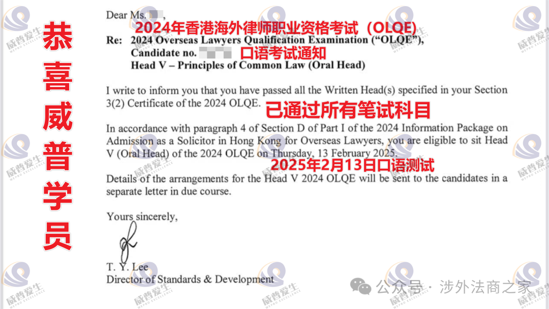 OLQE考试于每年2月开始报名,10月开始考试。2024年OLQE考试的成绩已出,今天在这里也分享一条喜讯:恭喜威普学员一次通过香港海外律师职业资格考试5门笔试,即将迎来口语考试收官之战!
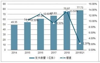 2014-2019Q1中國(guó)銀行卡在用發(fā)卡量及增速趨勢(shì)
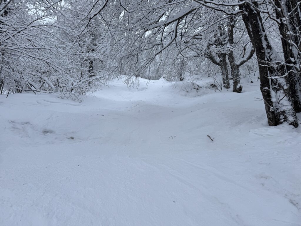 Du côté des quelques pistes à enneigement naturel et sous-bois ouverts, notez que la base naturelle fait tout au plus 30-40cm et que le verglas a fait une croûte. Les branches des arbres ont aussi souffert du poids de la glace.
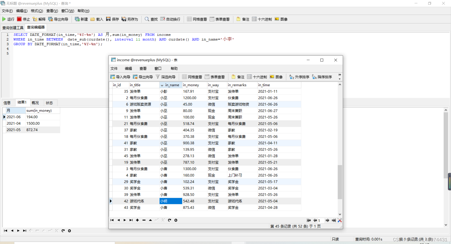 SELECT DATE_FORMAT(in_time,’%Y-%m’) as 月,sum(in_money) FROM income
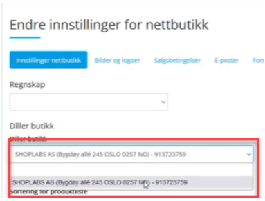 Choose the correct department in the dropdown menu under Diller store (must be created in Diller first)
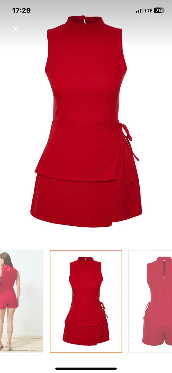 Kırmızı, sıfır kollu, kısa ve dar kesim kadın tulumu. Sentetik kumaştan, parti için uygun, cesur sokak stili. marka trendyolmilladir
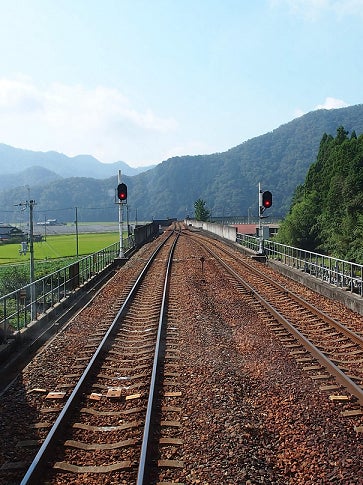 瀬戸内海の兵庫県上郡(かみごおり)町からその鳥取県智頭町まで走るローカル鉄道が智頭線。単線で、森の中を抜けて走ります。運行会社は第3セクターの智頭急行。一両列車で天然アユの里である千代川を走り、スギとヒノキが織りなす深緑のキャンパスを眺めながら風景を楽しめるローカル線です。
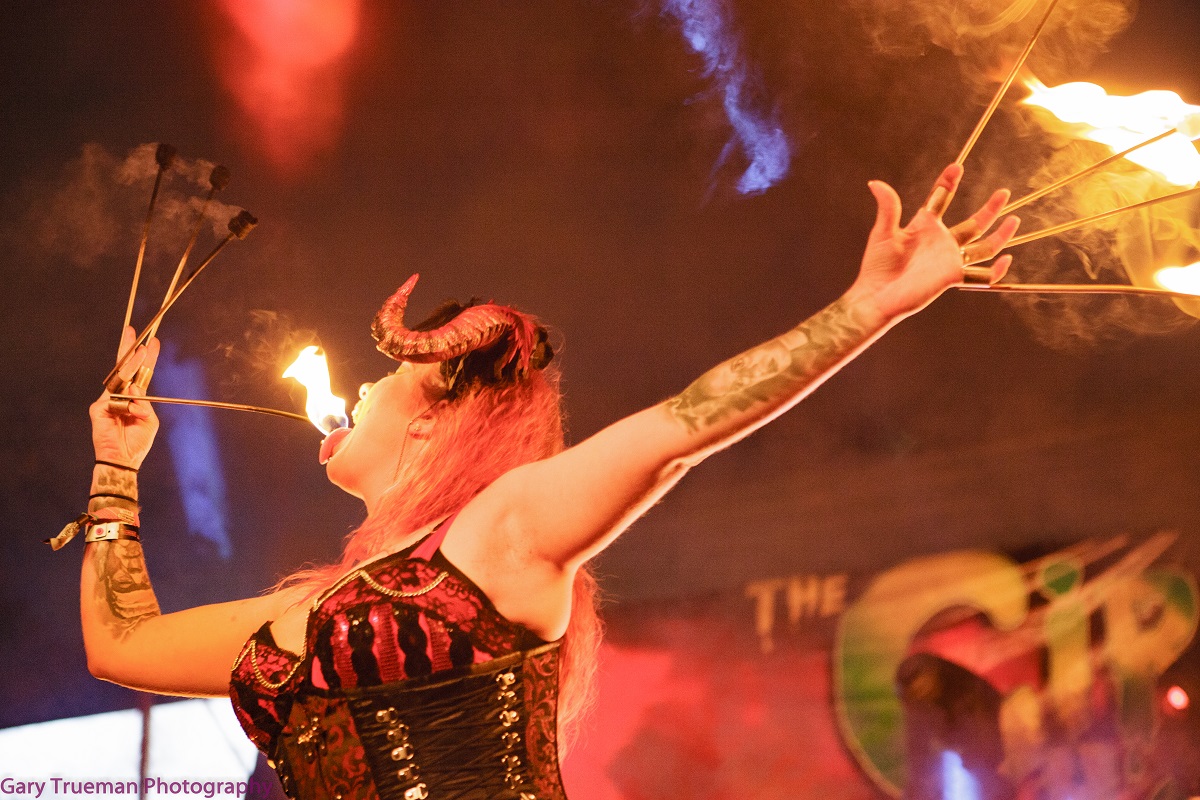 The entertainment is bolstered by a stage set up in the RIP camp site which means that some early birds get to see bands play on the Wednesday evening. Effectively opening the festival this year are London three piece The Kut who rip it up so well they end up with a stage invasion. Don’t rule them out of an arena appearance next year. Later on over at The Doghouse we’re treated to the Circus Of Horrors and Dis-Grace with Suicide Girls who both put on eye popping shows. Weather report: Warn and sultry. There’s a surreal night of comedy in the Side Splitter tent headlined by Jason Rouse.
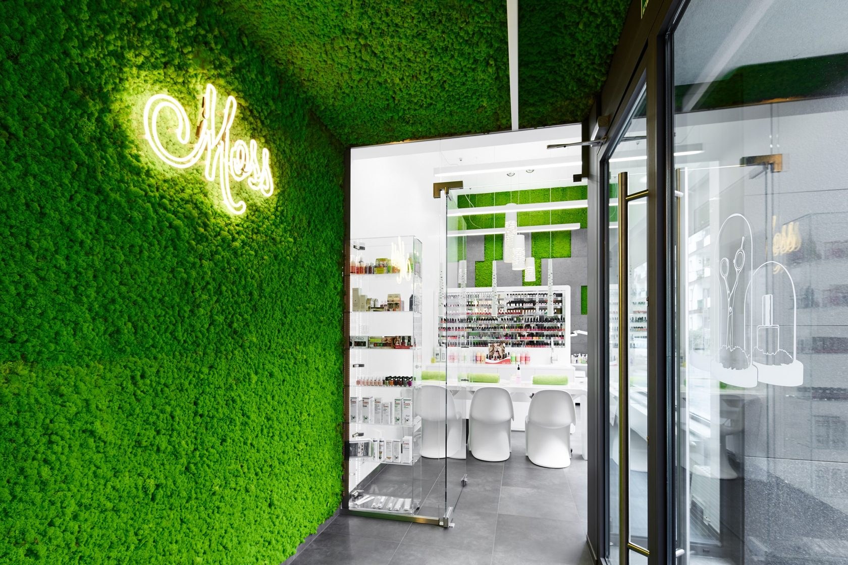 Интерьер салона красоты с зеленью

...

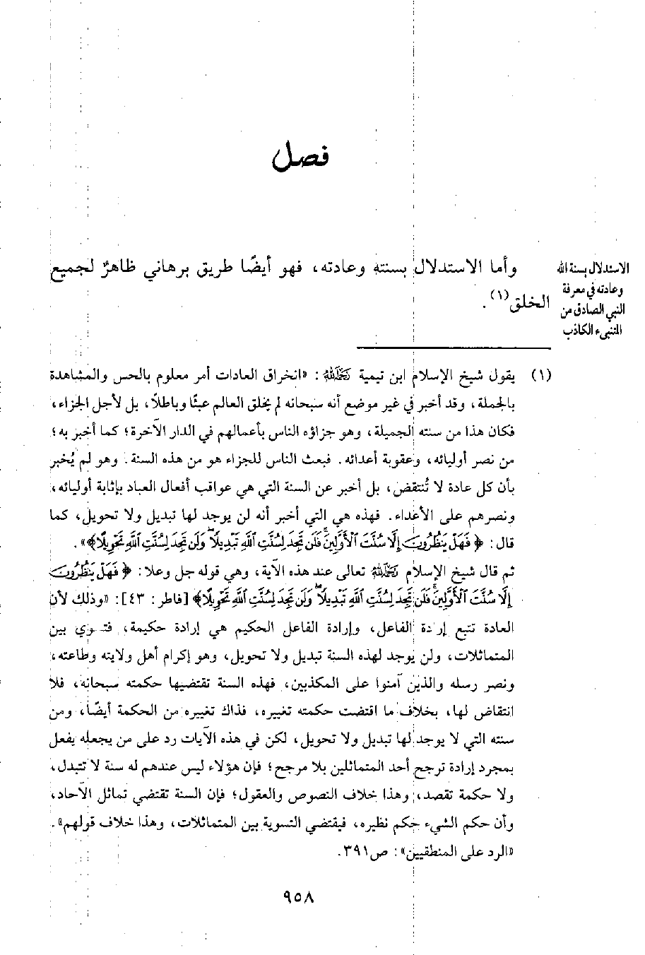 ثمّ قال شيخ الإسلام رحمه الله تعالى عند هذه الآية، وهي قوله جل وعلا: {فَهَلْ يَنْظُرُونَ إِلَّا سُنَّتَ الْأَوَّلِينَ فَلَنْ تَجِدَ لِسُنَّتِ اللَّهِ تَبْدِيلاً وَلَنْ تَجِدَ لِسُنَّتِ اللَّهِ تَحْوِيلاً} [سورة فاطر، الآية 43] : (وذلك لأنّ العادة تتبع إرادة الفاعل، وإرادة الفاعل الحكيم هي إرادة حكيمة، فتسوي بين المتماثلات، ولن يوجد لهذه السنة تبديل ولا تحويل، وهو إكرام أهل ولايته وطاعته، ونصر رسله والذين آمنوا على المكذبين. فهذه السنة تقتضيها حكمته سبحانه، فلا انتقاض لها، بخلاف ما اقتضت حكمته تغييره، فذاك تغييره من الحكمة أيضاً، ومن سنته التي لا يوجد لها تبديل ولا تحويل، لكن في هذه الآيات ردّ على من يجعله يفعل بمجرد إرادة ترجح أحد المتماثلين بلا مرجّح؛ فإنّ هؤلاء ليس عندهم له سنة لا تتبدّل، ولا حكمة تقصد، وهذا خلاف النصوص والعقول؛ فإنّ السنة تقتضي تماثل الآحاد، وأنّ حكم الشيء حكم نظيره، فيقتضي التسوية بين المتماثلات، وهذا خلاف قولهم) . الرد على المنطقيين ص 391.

### Task directions
Repeat exactly the stretch of the listing above that starts with the line holding "OLQE考试于每年2月开始报" and finishes with the line holding "瀬戸内海の兵庫県上郡(かみご", both included. Skip every picture.

### Exercise solution
 OLQE考试于每年2月开始报名,10月开始考试。2024年OLQE考试的成绩已出,今天在这里也分享一条喜讯:恭喜威普学员一次通过香港海外律师职业资格考试5门笔试,即将迎来口语考试收官之战!
 2014-2019Q1中國(guó)銀行卡在用發(fā)卡量及增速趨勢(shì)
 Du côté des quelques pistes à enneigement naturel et sous-bois ouverts, notez que la base naturelle fait tout au plus 30-40cm et que le verglas a fait une croûte. Les branches des arbres ont aussi souffert du poids de la glace.
 SELECT DATE_FORMAT(in_time,’%Y-%m’) as 月,sum(in_money) FROM income
 Choose the correct department in the dropdown menu under Diller store (must be created in Diller first)
 Kırmızı, sıfır kollu, kısa ve dar kesim kadın tulumu. Sentetik kumaştan, parti için uygun, cesur sokak stili. marka trendyolmilladir
 瀬戸内海の兵庫県上郡(かみごおり)町からその鳥取県智頭町まで走るローカル鉄道が智頭線。単線で、森の中を抜けて走ります。運行会社は第3セクターの智頭急行。一両列車で天然アユの里である千代川を走り、スギとヒノキが織りなす深緑のキャンパスを眺めながら風景を楽しめるローカル線です。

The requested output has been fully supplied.